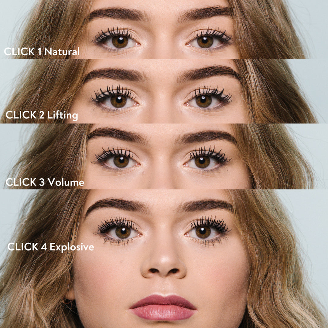 BLONDESISTER Click&Turn Mascara – tai pirmasis 4-in-1 blakstienų tušas, kuris leidžia vienu paspaudimu pasirinkti efektą – nuo natūralaus iki sprogstamo! Inovatyvus, reguliuojamas šepetėlis keičia formą kiekvienu „Click & Turn“!
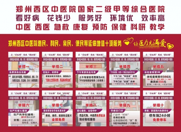 282 浏览作为一所集中医、西医、急救、康复、预防、保健、科研、教学于一体的国家二级甲等综合医院,郑州西区中医院始终秉承“惠民、利民、亲民、便民”的宗旨,致力于提供全面、综合的医疗服务。医院通过推行十大延伸增值服务,切实将“看病难”转化为“就医暖”,让每位患者都能感受到医疗服务的温度与诚意。
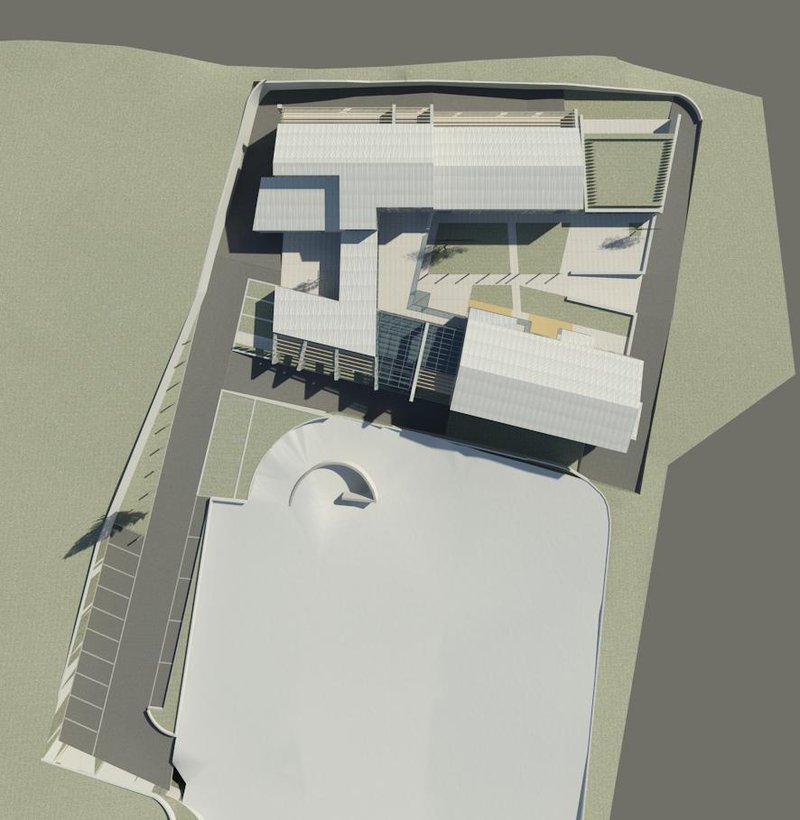 Il nostro progetto ha proposto tre corpi di fabbrica a pianta rettangolare adagiati sul declivio secondo l'asse Est-Ovest, racchiudono nella tipica forma a ventaglio la piazza ed i locali destinati alla vita collettiva.
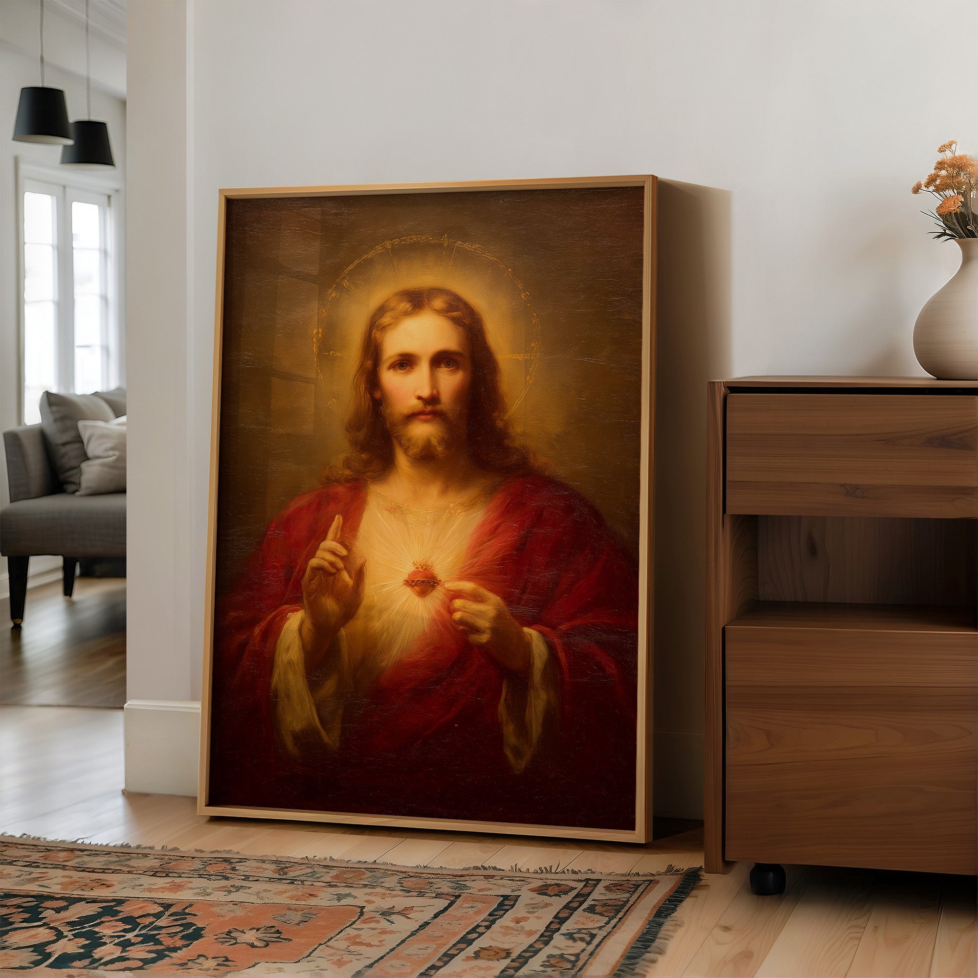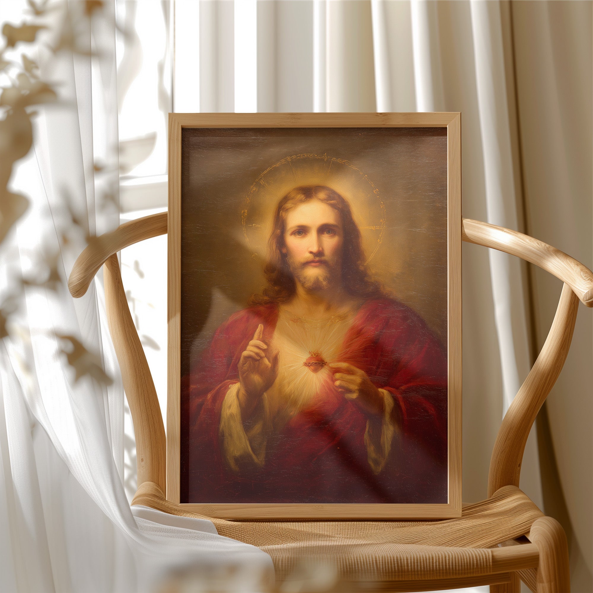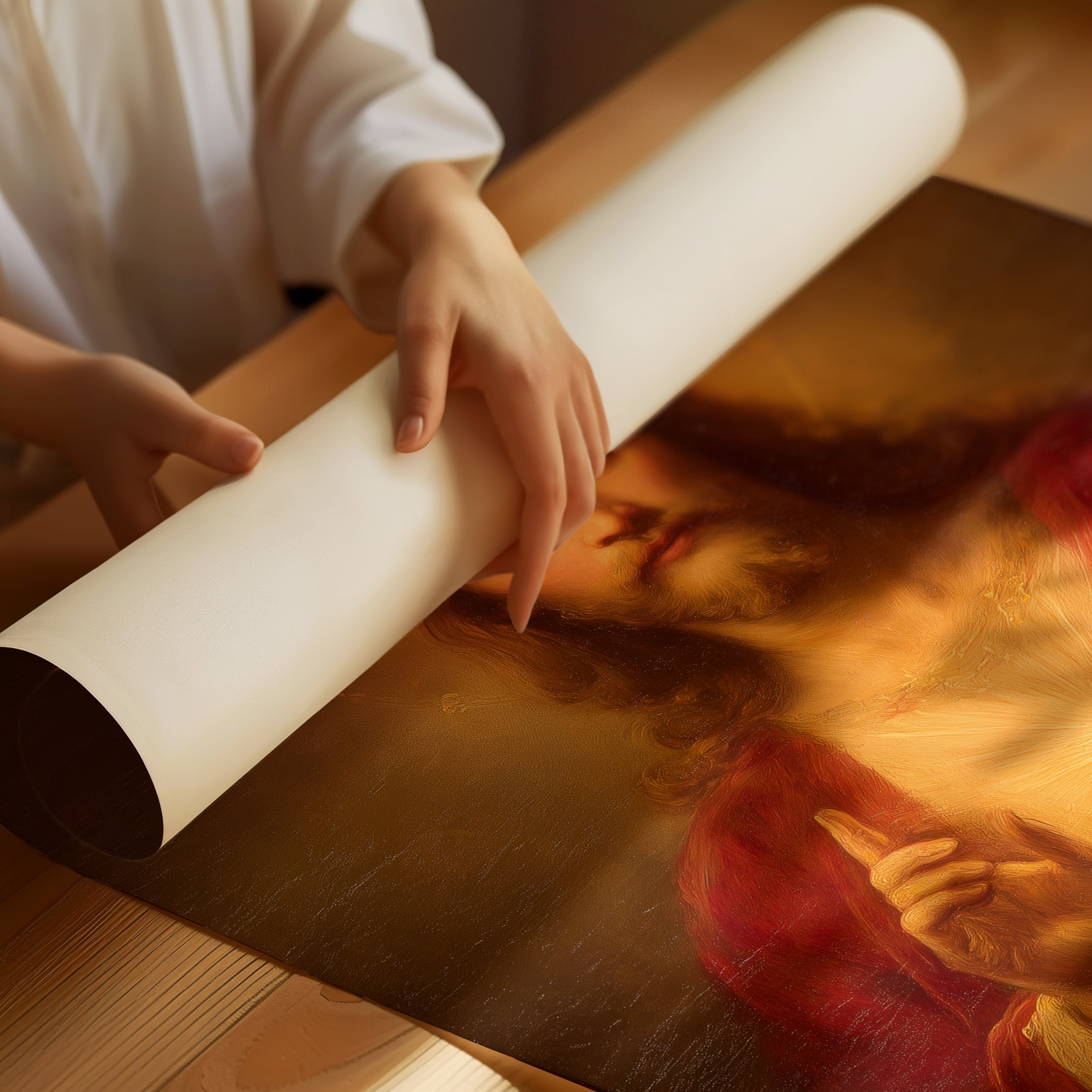 Warm light bathes the sacred portrait resting on weathered planks, creating a moment of quiet reverence. The rich crimson robes and radiant golden halo contrast beautifully with the rustic simplicity of the wooden surface below, while subtle greenery and a small cup frame the scene in humble domesticity. This classical religious artwork finds new meaning in this intimate setting, where everyday life meets spiritual contemplation.
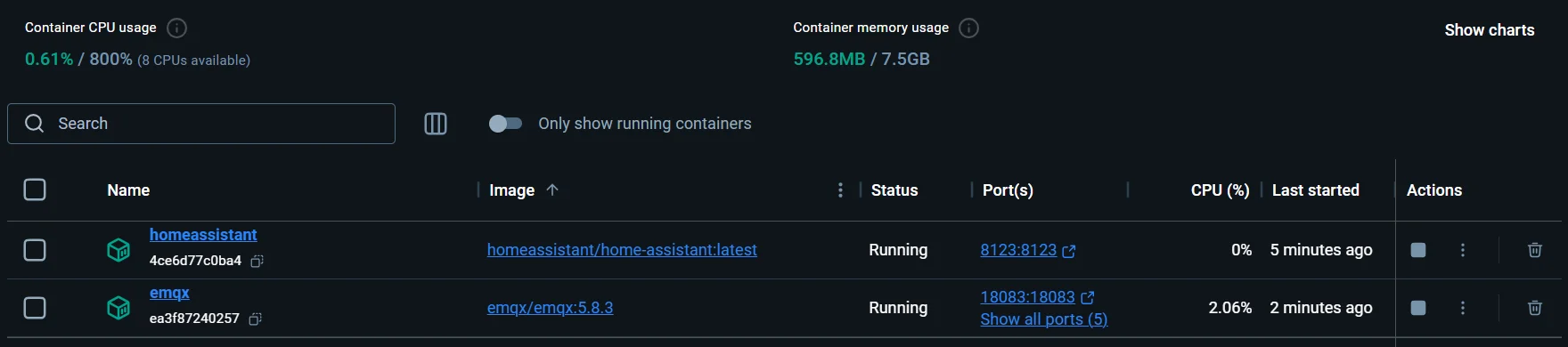 docker run -d --name emqx -p 1883:1883 -p 8083:8083 -p 8084:8084 -p 8883:8883 -p 18083:18083 emqx/emqx:5.8.3
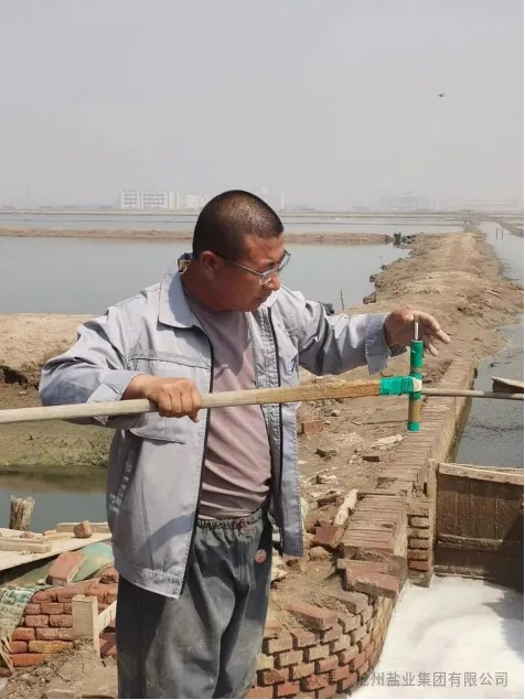 陳國輝在鹵水趕制方面經(jīng)驗(yàn)豐富、技術(shù)過硬,特別是對天氣處理,鹵水調(diào)節(jié)都能做到合理安排,科學(xué)規(guī)劃。他能結(jié)合天氣的變化,靈活調(diào)配,鹵水在他的排步下,進(jìn)灘頭、越溝壕、鉆保鹵圈,經(jīng)過漫長的蒸發(fā)過程,最終達(dá)到溴素生產(chǎn)需要的標(biāo)準(zhǔn)范圍。優(yōu)質(zhì)“鹵水”的獲得離不開陳國輝與班組成員一手拿鐵鍬、一手拿“度表”,從黎明到傍晚,從嚴(yán)寒到酷暑,日復(fù)一日的轉(zhuǎn)灘、修閘、晾曬及處理天氣、排淡保鹵,他孜孜以求揮灑著勤勞的汗水,只為把600多畝水面合理調(diào)配做到“保鹵、趕鹵”。
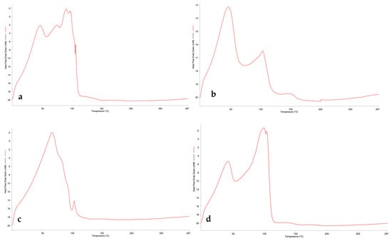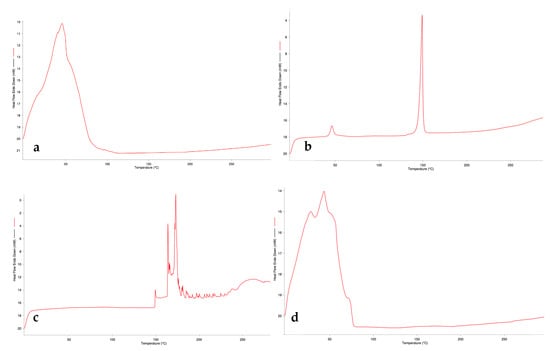 Thermograms were obtained between 0 and 300 °C at a temperature increase of 10 °C/min and a nitrogen flow rate of 20 mL/min. The thermograms of the raw materials used are shown in Figure 3, and the thermograms of the formulations are shown in Figure 4.
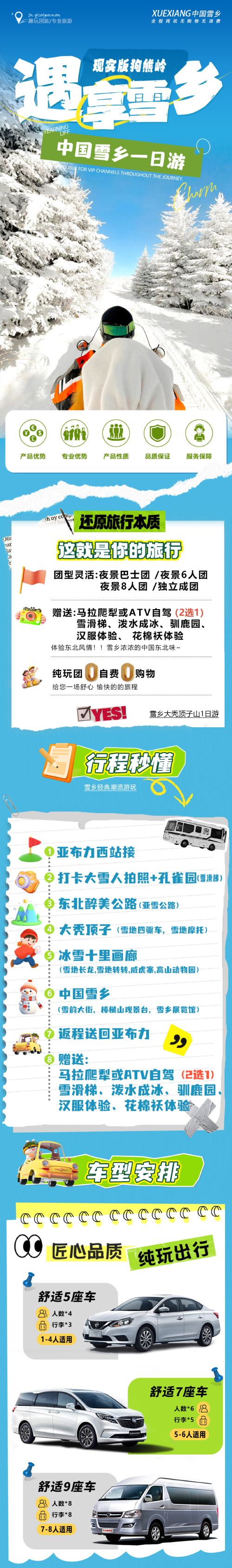 【真!纯玩品质6人团·巴士赠午餐】◈门票全含◈雪乡一日游【亮点一:驾爬犁或ATV驰骋雪原,邂逅雪地孔雀,再与梦幻大雪人合影,超长雪滑梯的尖叫刷爆朋友圈!】
#####
**EXERCISE REQUIREMENTS:** Output the material above word for word. Leave out its images.

**ANSWER BOX:**
 BLONDESISTER Click&Turn Mascara – tai pirmasis 4-in-1 blakstienų tušas, kuris leidžia vienu paspaudimu pasirinkti efektą – nuo natūralaus iki sprogstamo! Inovatyvus, reguliuojamas šepetėlis keičia formą kiekvienu „Click & Turn“!
 282 浏览作为一所集中医、西医、急救、康复、预防、保健、科研、教学于一体的国家二级甲等综合医院,郑州西区中医院始终秉承“惠民、利民、亲民、便民”的宗旨,致力于提供全面、综合的医疗服务。医院通过推行十大延伸增值服务,切实将“看病难”转化为“就医暖”,让每位患者都能感受到医疗服务的温度与诚意。
 Il nostro progetto ha proposto tre corpi di fabbrica a pianta rettangolare adagiati sul declivio secondo l'asse Est-Ovest, racchiudono nella tipica forma a ventaglio la piazza ed i locali destinati alla vita collettiva.
 Warm light bathes the sacred portrait resting on weathered planks, creating a moment of quiet reverence. The rich crimson robes and radiant golden halo contrast beautifully with the rustic simplicity of the wooden surface below, while subtle greenery and a small cup frame the scene in humble domesticity. This classical religious artwork finds new meaning in this intimate setting, where everyday life meets spiritual contemplation.
 docker run -d --name emqx -p 1883:1883 -p 8083:8083 -p 8084:8084 -p 8883:8883 -p 18083:18083 emqx/emqx:5.8.3
 陳國輝在鹵水趕制方面經(jīng)驗(yàn)豐富、技術(shù)過硬,特別是對天氣處理,鹵水調(diào)節(jié)都能做到合理安排,科學(xué)規(guī)劃。他能結(jié)合天氣的變化,靈活調(diào)配,鹵水在他的排步下,進(jìn)灘頭、越溝壕、鉆保鹵圈,經(jīng)過漫長的蒸發(fā)過程,最終達(dá)到溴素生產(chǎn)需要的標(biāo)準(zhǔn)范圍。優(yōu)質(zhì)“鹵水”的獲得離不開陳國輝與班組成員一手拿鐵鍬、一手拿“度表”,從黎明到傍晚,從嚴(yán)寒到酷暑,日復(fù)一日的轉(zhuǎn)灘、修閘、晾曬及處理天氣、排淡保鹵,他孜孜以求揮灑著勤勞的汗水,只為把600多畝水面合理調(diào)配做到“保鹵、趕鹵”。
 Thermograms were obtained between 0 and 300 °C at a temperature increase of 10 °C/min and a nitrogen flow rate of 20 mL/min. The thermograms of the raw materials used are shown in Figure 3, and the thermograms of the formulations are shown in Figure 4.
 【真!纯玩品质6人团·巴士赠午餐】◈门票全含◈雪乡一日游【亮点一:驾爬犁或ATV驰骋雪原,邂逅雪地孔雀,再与梦幻大雪人合影,超长雪滑梯的尖叫刷爆朋友圈!】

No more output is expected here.